Estimado Luís obrigado por esta frase tão interessante.

Na realidade isso ainda continua a passar, quando viajei ao Sul para estudar a produção de cerâmica entre as comunidades mapuches era notória a diferença "museológica" das pequenas cidades; num extremo o museu histórico e noutro o museu mapuche, vi pelo menos disto em 3 localidades. 

No entanto, ainda bem que falas em Trigger, como já comentei com alguém em privado, no âmbito deste debate, somos tão ensaboados nos primeiros anos da Faculdade com as teorias das fontes e as problemáticas do saber histórico e Trigger... Trigger nem se vê.

Um abraço



From: amaro_goncalo@hotmail.com
To: 3raposos@sapo.pt; archport@ci.uc.pt
Subject: RE: [Archport] Terão a Arqueologia e a História os mesmos objectivos?
Date: Fri, 22 Feb 2013 00:32:20 +0000

From: 3raposos@sapo.pt
To: Archport@ci.uc.pt
Date: Thu, 21 Feb 2013 23:17:31 +0000
Subject: Re: [Archport] Terão a Arqueologia e a História os mesmos objectivos?

Citação

[nos Estados Unidos] “A história trata dos brancos e a antropologia, dos índios… e brancos e índios é suposto terem pouco em comum”.

 

Bruce Trigger (1978) - Time and Traditions: Essays in Archaeological Interpretation. Edinburgh: Edinburgh University Press, 1978

 

 

 

----- Original Message -----
Sent: Tuesday, February 19, 2013 11:31 PM
Subject: [Archport] Terão a Arqueologia e a História os mesmos objectivos?

Boa noite,

Peço desculpa por os estar a maçar, ultimamente tenho estado com algumas inquietações no que diz respeito à forma como fazemos ou devemos fazer Arqueologia… é uma conversa chata, e se calhar ingénua, bem sei.
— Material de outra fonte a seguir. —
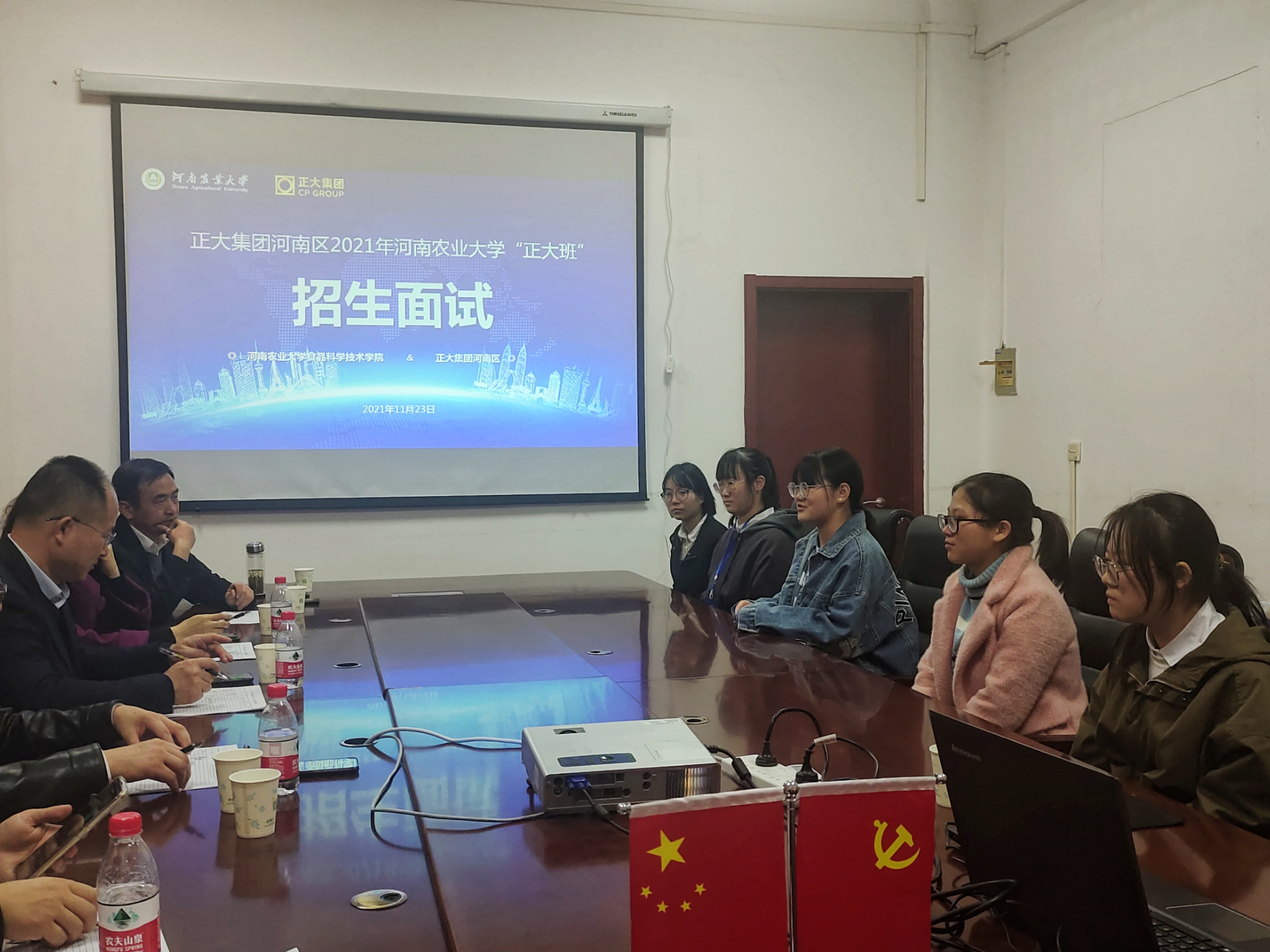 签约仪式前,正大集团有关负责人分三个会场面向全体21级同学开展宣讲会,详细介绍了正大集团的历史、产业链等基本情况和“正大班”的培养模式、师资建设等内容。互动答疑环节,学院领导和企业高管与同学们亲切交流,对大家关心的问题进行一一解答。校企双方领导对提交申请的同学进行面试,进一步了解了同学们的学习情况、家庭状况和未来规划,并对协议中的部分内容进行了沟通交流。

Sucede o seguinte: aqui no Chile, onde estou a fazer investigação sobre cultura material, ando meio estagnado nos conceitos teóricos, neste país a Arqueologia é mais Antropologia que outra coisa (demasiado Binford para o meu gosto); por conseguinte o pensamento arqueológico segue um pouco os modelos anglo-saxões (mais processuais que pós-processuais). Aqui são muito críticos em relação à História (às vezes mais por temas políticos que propriamente metodológicos). E de facto, se temos em conta a mais recente literatura sobre cultura material, estamos cada vez mais distantes. Não quero com isto dizer que não são compatíveis, apenas que provavelmente tem fins e métodos diferentes.

 

Seguindo, mais ou menos, as palavras de Foucault na sua “Arqueologia do conhecimento”: a História procura a verdade através de documentos escritos, tenta construir uma narrativa contínua do desenvolvimento dos modos de pensar, por outro lado, a Arqueologia interessa-se pelo particular e pela ruptura temporal. Não busca descobrir o que é que as pessoas, deste ou daquele tempo, estariam a pensar ou a escrever no passado, mas sim os mecanismos que as permitem falar e ser tomadas em sério. Mais que uma disciplina do passado como é a História (ou não?), será a Arqueologia uma disciplina mediadora entre o passado e o presente? E como tal, temos de partir de uma base teórico-filosófica diferente?

 

Queria então perguntar aos colegas lusos qual é vossa opinião sobre o tema, uma vez que em Portugal continuamos a ser formados nas universidades, como se calhar na maior parte da Europa continental, por uma estratégia de investigação com base no modelo da História das Ideias – sei que em Espanha o tema tem sido discutido, tanto pela Almudena Hernando como pelo Alfredo González-Ruibal, por exemplo.

 

Desconheço se o tema tem sido discutido no nosso país (sei que o Vítor Jorge, tem feito observações sobre o tema), mas entre o meu tempo em Espanha e no Chile, já lá vão seis anos (com passagens curtas por Portugal), e aqui é mais difícil acompanhar os debates e até mesmo ler alguma literatura nacional, numa altura em que, segundo me contam, há cada vez menos revista activas que publiquem textos sobre Arqueologia.

 

Provavelmente não têm muita paciência para esta temática, tendo em conta que em Portugal, nesta fase, devido à situação política e financeira, há pouco tempo para pensar. Não obstante, estou realmente interessado em ler opiniões sobre o tema, até porque me ajudarão bastante no debate com os colegas chilenos.

 

Atento e agradecido dos vossos comentários. Obrigado.

 

Um abraço

 

PS: Não sei se a archport é o espaço para este tipo de debates, como tal aceito a decisão de publicação ao critério dos seus responsáveis.